One reason for this has been the increasing congruence between each party’s presidential and congressional candidates’ issue positions and priorities. With the virtual wipeout of moderate Blue Dog Democrats in 2010, there were few Romney-leaning Democrats or Obama-leaning Republicans running anywhere.
It’s different this year. There’s an obvious difference between the issue positions and priorities of Donald Trump and those of most Republican candidates, and not just because the latter aren’t spending days denouncing Judge Gonzalo Curiel or Miss Universe. Dozens of Republican candidates, using various verbal formulations, have made clear their non-support of or distaste for the presidential nominee.
Polling in seriously contested Senate races shows that many voters are aware of this. The hyperactive octogenarians Chuck Grassley in Iowa and John McCain in Arizona — after 36 and 30 years in the Senate, respectively — are running way ahead of Trump and also of Mitt Romney’s 2012 showing in their states.

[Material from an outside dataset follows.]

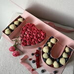 Пионовидная роза - 27 шт. Голубика - 150 гр. Клубника в шоколаде - 13 шт. Клюква - 100 гр.

Incumbent Republican senators with serious challengers are likewise running perceptibly ahead of Trump and Romney benchmarks in Florida (Marco Rubio), Illinois (Mark Kirk), New Hampshire (Kelly Ayotte), Ohio (Rob Portman), Pennsylvania (Pat Toomey) and Wisconsin (Ron Johnson). Their prospects differ, but they’re resisting any downdraft.
Running more closely to Trump and Romney are North Carolina’s Richard Burr and Georgia’s Johnny Isakson, neither of whom has campaigned heavily in his heretofore-Republican-leaning state.
In Nevada, Republican Joe Heck is in a close race to win Harry Reid’s open seat — Republicans’ one chance for a Senate gain. But Heck’s post-“Access Hollywood” disendorsement of Trump may be hurting him in a state whose many non-college-educated whites gave Trump a wide-margin victory in its early caucuses. Heck is running better than Romney did but no better than Trump.
Missouri and Indiana, apparently safe for Trump, have serious Senate contests. Both have large belts of Southern-accented ancestral Democratic voters and were dead heats in the 2008 presidential race.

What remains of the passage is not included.